2 people think this answer is useful

You could use python-benedict, it’s a dict subclass.

Installation: pip install python-benedict

from benedict import benedict

dict_you_want = benedict(your_dict).subset(keys=['firstname', 'lastname', 'email'])

It’s open-source on GitHub: https://github.com/fabiocaccamo/python-benedict


Disclaimer: I’m the author of this library.

The Answer 13

1 people think this answer is useful

Short form:

[s.pop(k) for k in list(s.keys()) if k not in keep]

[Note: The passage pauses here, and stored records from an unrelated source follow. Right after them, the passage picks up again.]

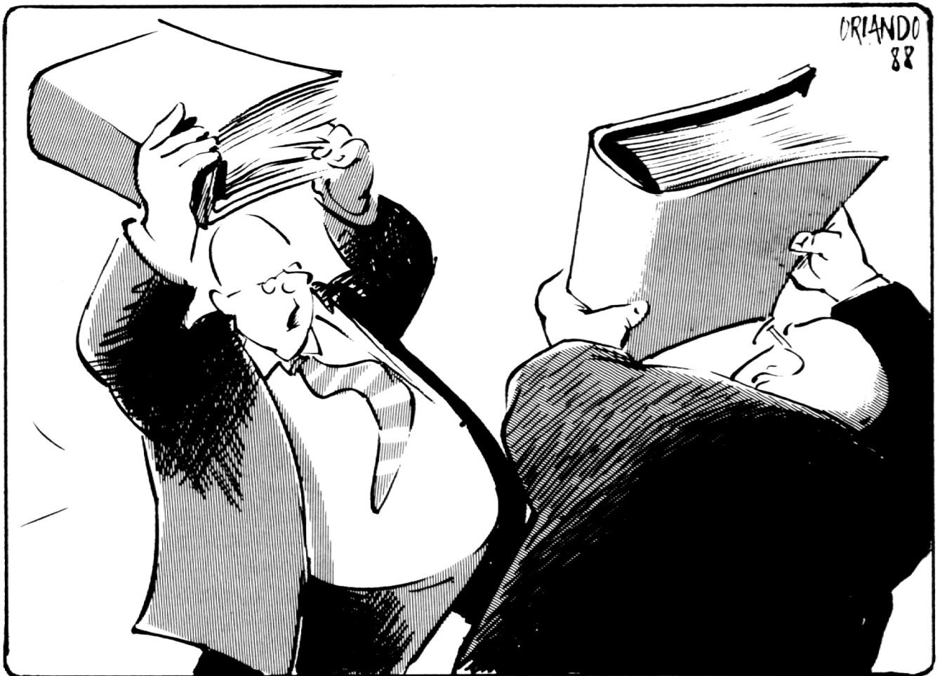
Bildungsstreit (Oder: «Laien contra Profis»)

Schlechte Noten erhält insbesondere die «lokale Laienkontrolle» in der Schweiz, welcher eine professionalisierte und am Beamtentum organisierte Fachaufsicht in Deutschland gegenübergestellt wird. Denn der starke Einfluss von Laien sei eher ein Hindernis, wenn es darum gehe, neue Tech-
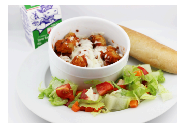
Tazón de pollo a la parricana
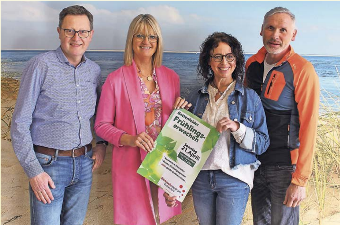
Das Einkaufszentrum Battenfeld lädt herzlich ein. Sonntag findet die Frühlingsschau statt.
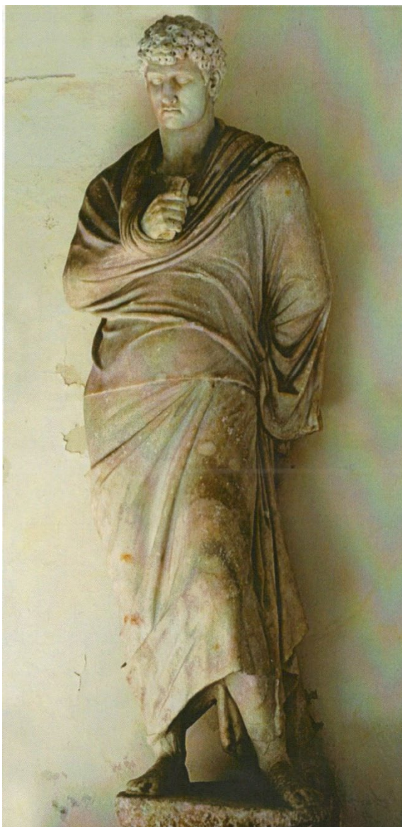
Портрет римлянина у тозі (голова – від іншої статуї). Мармур. 1-ша половина I ст. – 2-га половина II ст. н. е. Верона, Археологічний музей.
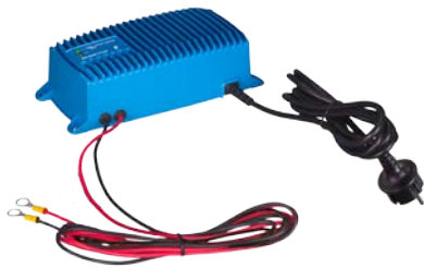
Chargeur Blue Smart IP67 12/25
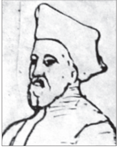
კრისტოფორო დე კასტელი, აპტომორტრეტი

იტალიელი მისიონერი, პატრი, თეატინელთა ორდენის წევრი. მოღვაწეობდა XVII საუკუნის პირველ ნახევარსა და შუა წლებში. საქართველოში 1628 წელს ჩამოვიდა პატრანტონიო ჯარდინასა და ბერ კლაუდიოსთან ერთად. მისიონერები მივიდნენ ქალაქ გორში თეიმურაზ პირველთან, ხოლო 1634 წელს შემოქმედელი ეპისკოპოსის — მაქსიმე მაჭუტაძის მიწვევით გურიაში გადავიდნენ. 1640 წელს ვახტანგ II გურიელმა ისინი
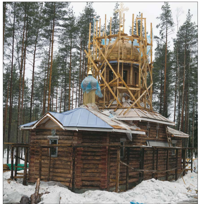
Храм в Ненимяках.

вышенности, у слияния рек, возле речной излучины или на берегу озера. Он словно освещал собою всё пространство, и ни одна постройка не могла с ним соперничать по красоте и прочности. Возвышаясь над остальными городскими постройками, храм был виден издали, радуя сердце и глаз. «Аргумент красоты», говоря словами академика Д.С. Лихачева, занимал едва ли не первое место. Князья и цари, купцы и мастеровые люди, соперничая друг с другом, старались построить и оставить после себя самый красивый, самый запоминающийся символ веры. И не было страшнее удара и тяжелее оскорбления, чем разрушенный храм... А богатство и статус населенного пункта, говоря современным языком, определялось наличием или отсутствием церкви. Если была каменная церковь, значит, богато жили, назывались селом. Нет церкви – и деревни вам хватит!
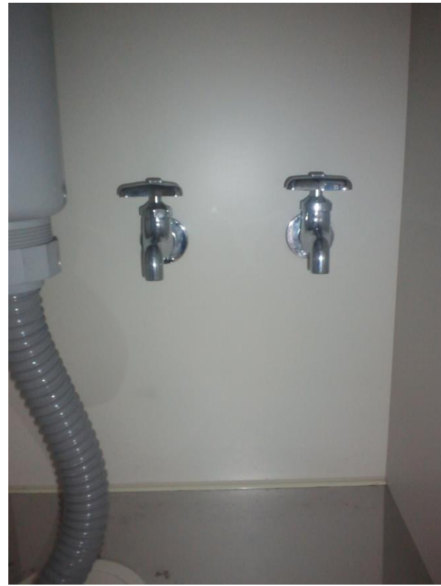
④台所下にある蛇口を洗面器等を用意した上で開けます
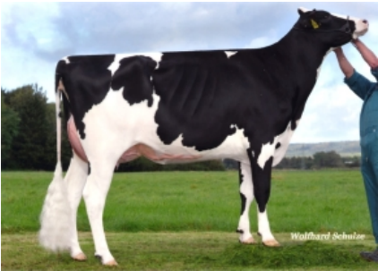
RR ROSE ET
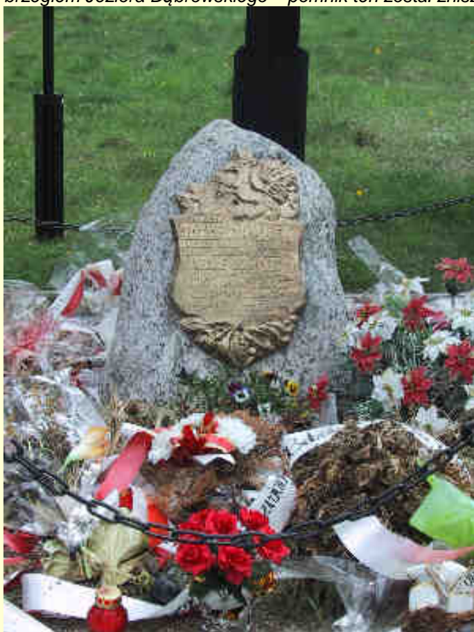
Fot. 5 Tablica pamiątkowa, która znajdowała się na zniszczonym pomniku ku czci por. Józefa Dambka.
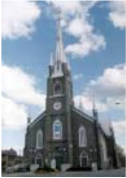
Réf. photo : 88 (eee)

L' église de Sainte-Marie fut construite entre 1856 et 1859. Elle est la première église de style néo-gothique construite au Canada. Un endroit magique pour célébrer la messe de minuit à Noël ! On peut y admirer la Madone des Croisades recouverte de feuilles d'or.
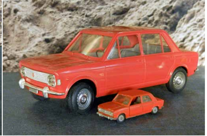
Vershil moet er zijn. 1:13 van Pocher en 1:43. Ik had deze ook op ware grootte in mijn jonge jaren.

op de Autoshow van Turijn in april dat jaar. Pocher kreeg onder grote geheimhouding de constructie plannen van de auto, bezegeld met notariële akten. Het model was punctueel op tijd klaar en veroorzaakte veel opwinding. Het was een fors kunststof model op schaal 1:13, werd geleverd in een prachtige doos, met werkende stuurinrichting, de motorkap kon open en liet de motor zien en het stond op mooie rubber banden.
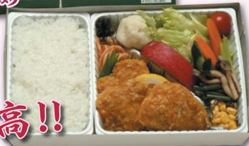
高原野菜とカツの弁当……850円
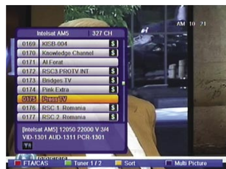
Popis kanala |

Uređaj posjeduje i veliki broj drugih korisnih funkcija poput prikaza slike u slici (PIP). Možete ga koristiti i kao MP3 player i preglednik JPEG slika, što znači da imate priliku impresionirati svoje prijatelje i rođake svježim fotografijama s ljetovanja.
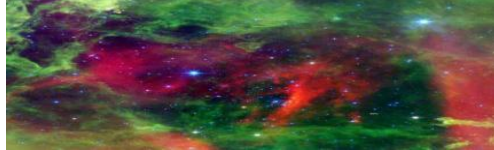
شكل رقم (٢) سديم الوردية يوضح عنصر اللون

http://www.jpl.nasa.gov/spaceimages/details.php?id=PIA09267
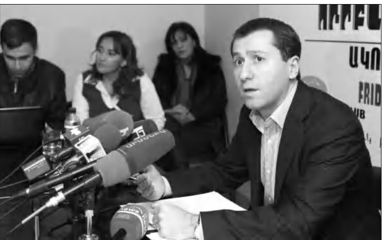
Անդրեասյանի մեկնարկներով էլ լրագրողական կազմակերպությունների կազմված ինֆրակարգավորող մարմինը դեմ է դառնում միջոցը լրասվամիջոցների եւ այն մարդկանց միջոց, որոնց անունն արտասվում է: Նա վստահ է, որ վեճերի ֆադաբակիթը լուծման ձեռք հենց այդ մարմնի գոյությունն է: Ըստ դասարանի՝ մարդը, ում մասին մամուլում հոդված է տպագրվել, եւ նրա անունն ու համարվել արտասվում են, կարող է դիմել ինֆրակարգավորող մարմինը եւ միայն կոմիտեի պատասխաններն ու գործողությունները չբավարարելու դատարանում դիմել դատարան: «Սա է ֆադաբակիթը ճանադարի: Մարդկանց այդքան բերելու երկար աշխատանքի արդյունք է, եւ մեկ օրում դա չի կարող լինել»: Օմբուդսմենը հիշեց, որ տարիներ առաջ Երեւանում հանդիպել է ամերիկացի մասնագետին, որը հայաստանյան լրագրողական դասն ու լրագրում առկա խնդիրները սմանցրել էր 200 տարի առաջվա Ամերիկային, որ նման էր ջուռային:

«Երկու ուղղությամբ կարող են աշխատել: Առաջինը օրենսդրական փոփոխությունն է: Ես դասարան են նախաձեռնել ու առաջարկել նախագծման աշխատանքներ: Բայց քանի որ կա նախադրականում իմ նախկին գործունեությունն էլ մասնակար, առաջարկում են լինել ոչ թե հիմնական առաջարկող, այլ՝ աջակից»: Երկրորդ ուղղությունը վերաբերում է մամուլի ինֆրակարգավորման մարմնի կառուցմանը վրա կենտրոնացված:
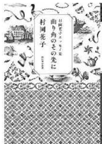
村岡花子 / 著 河出書房新社
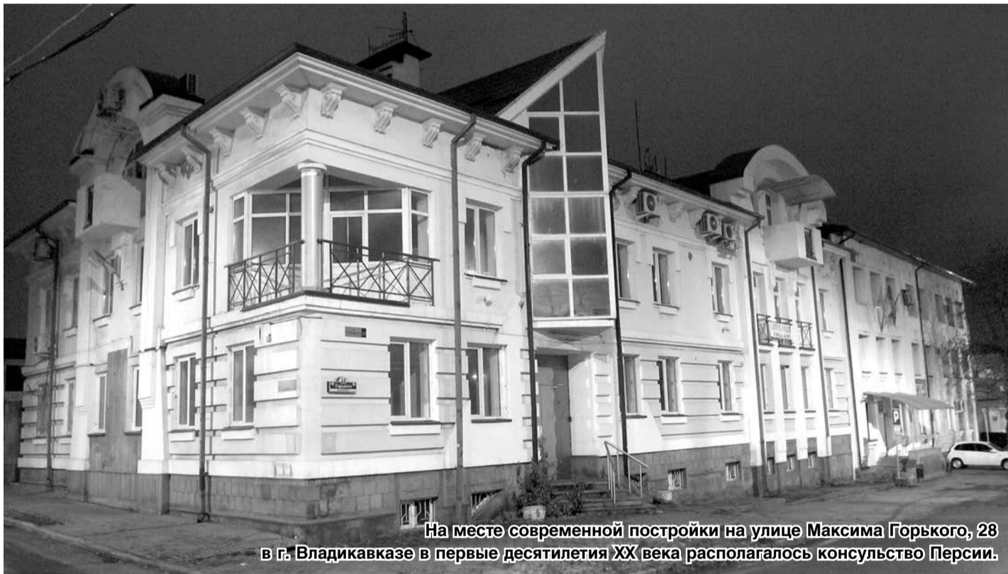
На месте современной постройки на улице Максима Горького, 28 в г. Владикавказе в первые десятилетия XX века располагалось консульство Персии.
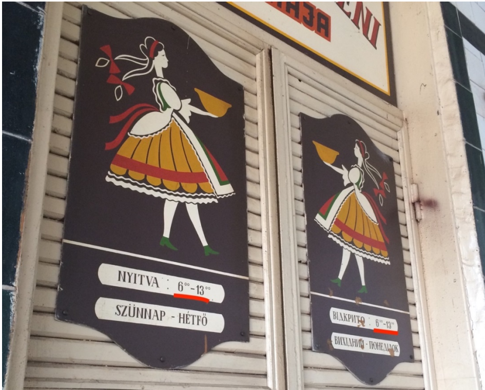
Фото 4. Двухязычный (украинско-венгерский) график работы с одинаковым временем без уточнений

Очень похоже на то, что закарпатские венгры просто знают наизусть, когда работает, например, тот или иной магазин в их населенном пункте в силу того, что даже город Берегово на самом деле не такой уж и большой. Что касается приезжих, то тут, конечно, не помешает лишний раз уточнить время, поскольку универсальной теории его определения на уличных надписях, по всей видимости, не существует. Сколько людей, столько и мнений. Однако, следует еще раз подчеркнуть, что такое «временное разнообразие» характерно только для тех частей Закарпатской области, где проживает доминирующий процент венгероязычного населения. Во всех остальных районах Закарпатья (включая самые большие города – Ужгород и Мукачево) многие люди также знакомы с «альтернативным» временем (UTC+1), но крайне редко используют его на уличных вывесках. Надписи на венгерском здесь тоже редкость.
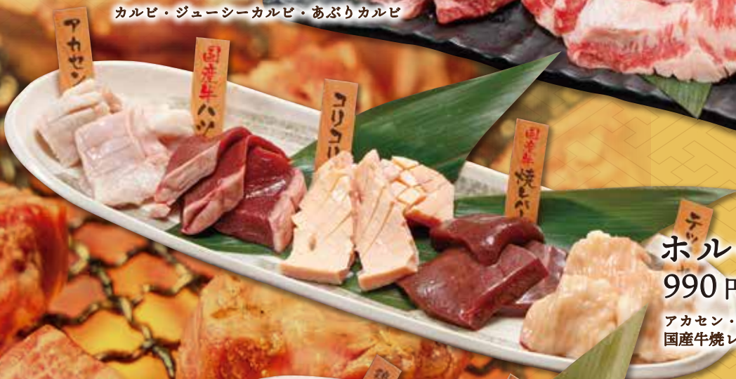
ホルモン5種盛り 990円(税込 1,089円)
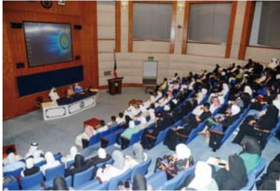
جانب من اللقاء التنويري

من شأنها تسهيل مهمة الطلبة الأكاديمية في الجامعة.
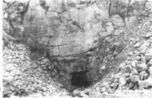
ခဲတွင်းတစ်တွင်းရဲ့ အဝင်ဝကို အပြင်က မြင်ရတဲ့ပုံ

ထိန်းသိမ်းရသည့် အဆင့်ထိပင် ရောက်ခဲ့ပါသည်။
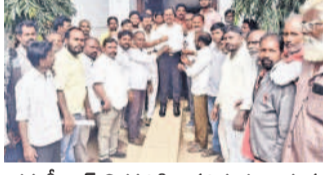
తహసీల్దార్ భిక్షుతిడి వివరించడం ఇస్తున్న జిన్నారం గ్రామస్వయం

బోల్తూర్, డిసెంబర్ 3: ప్రభుత్వ భూమిని ప్రైవేట్ వెంచర్ నిర్వాహకులకు కట్టబెట్టేందుకు కుట్ర జరుగుతోందని జిన్నారం గ్రామ స్వయం అసోషియేషన్ వ్యక్తం చేశారు. ఈ మేరకు పోలీస్ డివిజన్ కలెక్టర్ కలిసి మంగళవారం వినతిపత్రం అందజేశారు. ఎమ్మెల్యే గూడెం మహిపాలిరెడ్డి పేదలకు ఇండ్ల స్థలాలు ఇస్తానన్న హామీని నిలబెట్టుకోవాలని డిమాండ్ చేస్తూ ప్రజలు తహసీల్ కార్యాలయం ఎదుట ధర్నా చేపట్టారు. ఈ భూముల్లో మిగిలి ఉన్న స్థలాన్ని పేదలకు కేటాయించాలని, లేనిపక్షంలో అసోషియేషన్ వేదకామని
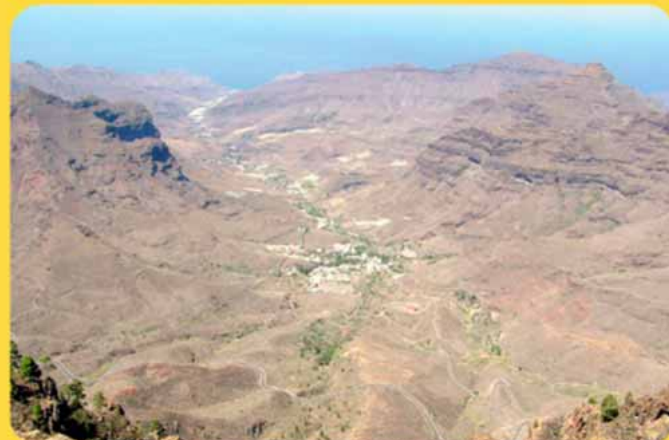
El Valle de Tasarte
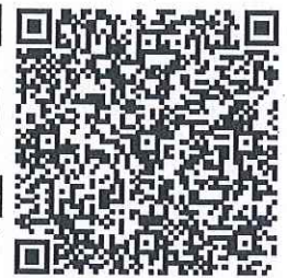
Efectos Fiscales al Pago.

||1.1|c04578c7-2be3-4015-8622-47e1013970a8|2019-07-01T16:10:44|DIG130917F9A||I4t4U31b2L7GQ95tLjaVCKXU5jp37i7IIBlpgtAcSBXFzoQ/Vee/3yiCizpvc736OrlgUPuSPv do+TRfr7PivF94B579FWkgTSZ9NHkIAG2u74zjVoT0G/Zz1TjL1tvJrm6M6az0gASXb4Np1nG5OnlAIF0fApA+INLzpb+CIUQLZekWm8vyCpAnDeSGerO8aChRHp7kSaaHS/ .CST51DuJOYIs0xLs75qOaXy9EOBaQRdjt+OFTE3w/fmWYwWTxj/y3DFN5ovBrZmlmwNKzMD+0iy8Kbu7U2wgOiuZelywGGVryb5KdEzA9KVe+EVpiKSV0/Sw=|000 0100000411500203||
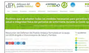
El Defensor del Pueblo Andaluz da la razón al CAE sobre la falta de materiales de protección
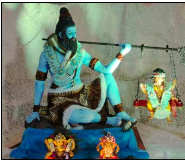
शिवाय मित्र मंडल मुलुंड पश्चिम देवी दयाल रोड पर मुलुंड चा शिवाय के नाम से मशहूर शिवाय मित्र मंडल की ओर से कैलाश पर्वत बनाकर भगवान शिव के त्रिशूल में बप्पा झूलते नजर आ रहे हैं। इस मंडल का यह पहला साल है।
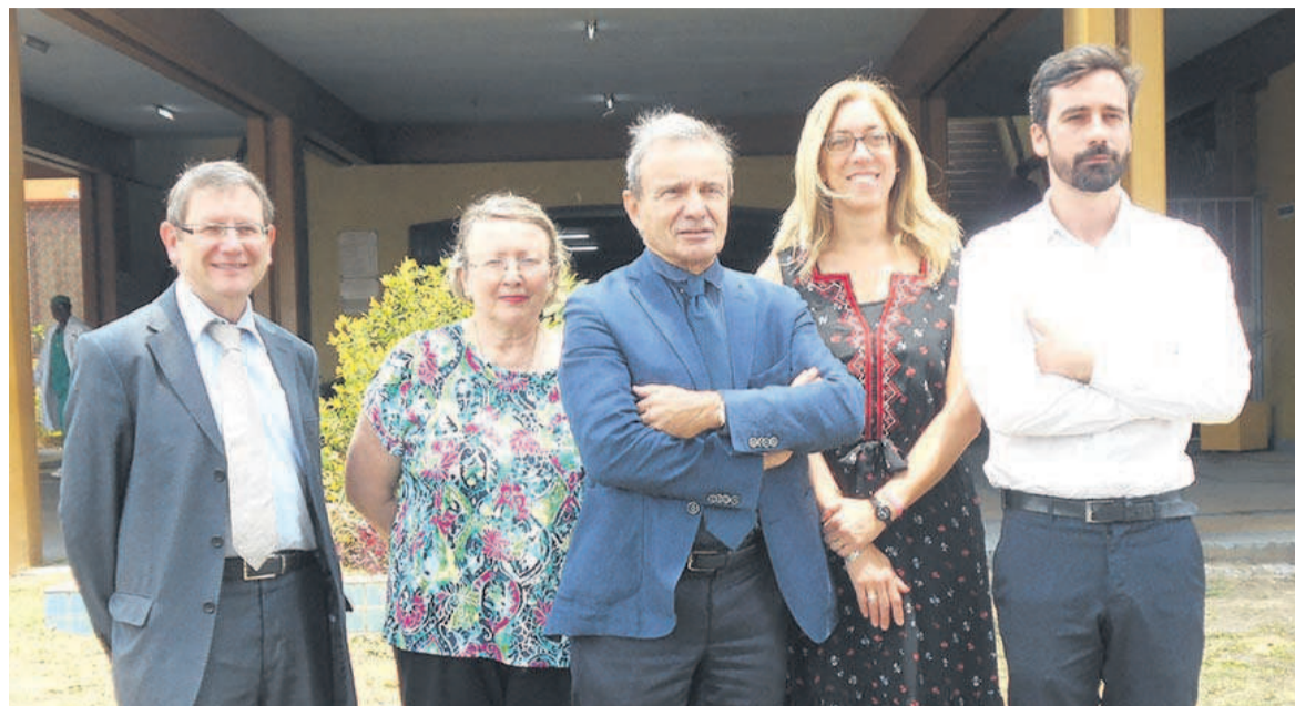
Les experts français

En ce qui concerne le volet médical, poursuit-il, l'analyse a été
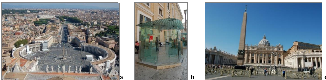
2 pav. Architektūra kaip gero amato ir harmoningo sambūvio rezultatas Romos Šv. Petro Bazilikos renesansinės aikštės (archit. D. L. Bernini) (a), (c), (b) pavyzdžiu

konstruktoriai, ir menininkai ir teoretikai. Tačiau palaipsniui šios veiklos diferencijavosi ir XV a. susiformavo pakankamai savarankiška menininko profesija ( Pripažįstama, kad tik XIX a., pramoninės revoliucijos epochoje menas tapo nepriklausomas. ). Tai turėjo įtakos miesto erdvių palaipsniam papildymui meno kūriniais, „gero“ amato (utilitariais) ir dizaino (estetiškais) objektais. Architektūriniai objektai, jų formuojamos erdvės, įvairūs gaminiai erdvėse kaip daiktinės aplinkos elementai tapo fundamentaliais konkreto laikotarpio kultūros ir harmoningo sambūvio liudytojais (2 pav.).
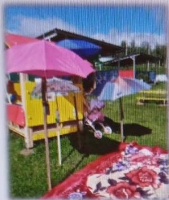
МАДОУ детский сад № 14
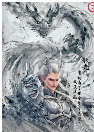
▲龍王敖光的設計十分霸氣。

物造型。太乙真人性格灑脫務實、活潑樂觀，處事更像散仙，哪吒天生魔童，二人的造型誇張簡潔；而在仙界修行的鶴童、鹿童等，平素妝容端正服飾規整，用色淡雅。性格、扮相都與哪吒形成反差的敖丙，色系高冷，修身長款，有富貴公子氣。無量仙翁與太乙真人有一脈相承之處，面部圓潤飽滿，服裝採用代表純潔的白色。其表情慈眉善目、長袍飄飄欲仙的相貌，與包藏禍心、殘酷無情的品行性格形成強烈衝突。高潮段落哪吒與無量仙翁形象都發生了判若兩人的變化。重生後的哪吒仍主打黑紅兩色，由熊貓眼變為英俊少年，如高溫鍛燒餘焰熾烈的一團火、氣勢灼人；而無量仙翁則孔武乖張，兇相畢現。正反兩大主角造型起到為視覺立極的作用，
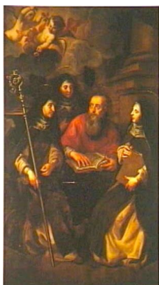
Ὁ Ἅγιος Ἰερώνυμος μὲ τὶς μαθήτριάς του Ἁγίες Μαρκέλλα, Παῦλα καὶ Εὐ- στοχία. Πίνακας τοῦ 15' αἰ.

Ἡ Ἁγία Μαρκέλλα , τὸ πρότυπο τῆς χριστιανῆς χήρας, γεννήθηκε τὸ 330 σὲ μιὰ ἀπὸ τὶς ἐπιφανέστερες οἰκογένειες τῆς Ῥώμης. Νυμφεύθηκε παρὰ τὴν θέλησί της, χήρεψε ἑπτὰ μόλις μῆνες μετὰ τὸν γάμο της καὶ ἀποφάσισε, παρὰ τοὺς πολλοὺς μνηστῆρες ποὺ ἐλκύνονταν ἀπὸ τὴν ὁμορφιά καὶ τὴν εὐγένειά της, νὰ ἀκολουθήσῃ τὸ παράδειγμα τῆς Ἄννης τῆς Προφήτιδος τοῦ Εὐαγγελίου (Λουκ. β') καὶ νὰ ἀφιέρωσῃ τὴν ζωὴ της στὸν Θεό.
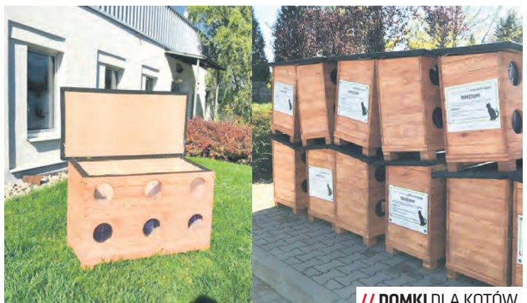
// DOMKI DLA KOTÓW.

Nowe drewniane kocie domki pojawiają się na terenie lubelskich osiedli mieszkaniowych. Schronienia posiadają ocieplone ścianki oraz uchylne dach, który ułatwia utrzymanie czystości wewnątrz. Każdy z domków

As most of the answers suggest in order to maintain the conciseness we have to create a duplicate object be it a list or dict. This one creates a throw-away list but deletes the keys in original dict.

The Answer 14

0 people think this answer is useful

Here is another simple method using del in one liner:

for key in e_keys: del your_dict[key]

e_keys is the list of the keys to be excluded. It will update your dict rather than giving you a new one.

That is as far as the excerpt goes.